Monday, December 08, 2008

Reality Defeats Tribune


The self-proclaimed World's Greatest Newspaper is in a lot of trouble. And it's not the only one. The news that the Tribune Company has filed bankruptcy would have been shocking just a few years ago, but the journalism business may be even sicker than the automobile industry.


Dead tree media are struggling, no doubt about it. But there may be a model for the future. At least two newspapers, the Capital Times of Madison no longer publishes a newsprint edition but is now strictly an internet publication. Next year the venerable Christian Science Monitor will follow suit.


The bottom line for most newspapers is pretty simple -- they can't recover their costs from what they sell through subscriptions or on the newsstand. The advertising dollars that have long sustained newspapers are not there, especially classified advertising. Advertisers get a lot more bang for their buck from competitors like Google and Craigslist and there's no reason to believe that the trends will turn back to the newspapers' favors.


Conservatives have often argued that the liberal bent of the MSM has hurt it. There may be some truth in that, but the Chicago Tribune historically has been known as the Great Voice of Midwestern Conservatism. Today's Tribune is a lot more liberal than it was when it was calling elections for Thomas Dewey, but it's nowhere near as liberal as the Star Tribune, for example.

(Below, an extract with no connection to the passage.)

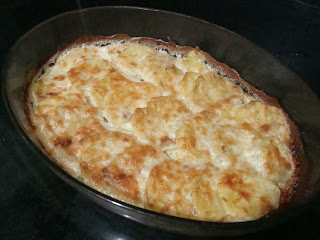 - Borcamı yağladıktan sonra patatesleri sıra sıra dizin. Sarımsakları ince ince kıyın ve içine serpin. ( İsterseniz koymayabilirsiniz ) Üzerine de krema ve sütü birlikte dökün.

Here's the question for conservatives. If conservatives really believe that newspapers would do better if they were conservative, now would be a good time to test the hypothesis. It would be possible for conservatives to pick up a number of media properties for pennies on the dollar these days. I don't sense that any conservative financiers are interested in making such a purchase, though.


The newspaper business may go the way of the typewriter business, but journalism won't go away. The new home of journalism? You're reading a tiny part of it right now.

2 comments:

Right Hook said...

Nice post.

My problem with liberal fishwraps isn't so much that they are liberal but rather that they do not report the news without a discernable bias. Conservative talk radio is up front about its bias, but liberal papers try to portray themselves as reporters of news when they are actually more opinion oriented or attempt to create or shape events.

Newspapers with a conservative slant may do better than those with a liberal one for the same reason that conservative talk radio generally trounces liberal offerings: the demand for the product is greater. "Better", however, is a realtive concept that does not necessarily equate to "good".

I don't think newspapers, other than perhaps a few niche types of local ad-based or entertainment oriented publications, will ever be able to regain their past revenues or circulation. The material, distribution, and labor costs are just not competitive with electronic media which is becoming even more affordable and portable almost daily.

In addition to the cost of production, the content newspapers is often stale before the physical media makes it to the point of sale. Why would people want old news when they can literally get coverage of an event sometimes in mere moments after it has occurred?

Newspapers are following the same path as the pony express, telegraph, typewriter, phonograph, and the dial telephone. It's just a matter of time.

Anonymous said...

Ink, paper and union pressmen, plus the distribution centers and trucks needed to deliver hard copy, plus all the related employee benefits, represents a huge part of a newspaper's overhead that can all be eliminated or greatly reduced with online-only editions. The "papers", though, still have to deal with a public that expects free content and a lot more competition that has been enabled by not having to pour tons of capital into infrastructure. The old newspapers were dominant becuase they had absorbed their sunk costs and anyone trying to start a new competitor in town needed a ton of capital. Now the product isn't the materials but the insight and communication skills of the writers, news-gatherers and editors.